生活をするのはとても大変で、できることやできないことが交互にやってきている間に時は進み、朝がきて、おひるを食べたら、あっという間に夕暮れで、気付けば夜になってしまいます。
そうこうしている間に季節も巡ってしまい、春になればわたしも25歳になるのだなと、ぼんやりと遠くに思います。

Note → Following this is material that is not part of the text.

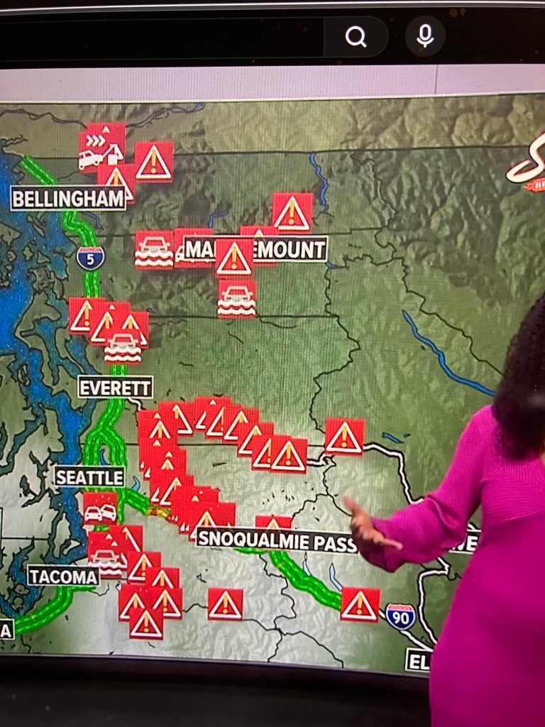 It first showed up on the radar as a ghostly horse head- lurking off our Pacific Coast, gaining speed and intensity over the ocean. Western Washington was already experiencing some rain, with atmospheric rivers projected to arrive the following week. This satellite picture was taken on December 6th. Then on the 8th, a full white horse head struck. I’ve used this animal metaphor along with the satellite shapes to track the history of this monumental flooding. It’s a once in a decade “100 year” flood, with record breaking rivers jumping banks, levies, and bridges across the western part of our state.

19歳になったとき、迫りくる20歳に怯え、マッチ箱に潜む日々はいつかマッチたちが1本ずつ火を点けられて気付けばマッチ箱ごとどこか消えゆくのではないかと、日々の写真をマッチ箱の中に小さく印刷して展示をしたことがありました。できること、できないこと、にすら分類されない曖昧で境目のない19歳のころ。戻りたくはないし、24の方がたのしいけれど、きっと25歳に対する漠然とした緊張感は少し19のころに似ているのかもしれません。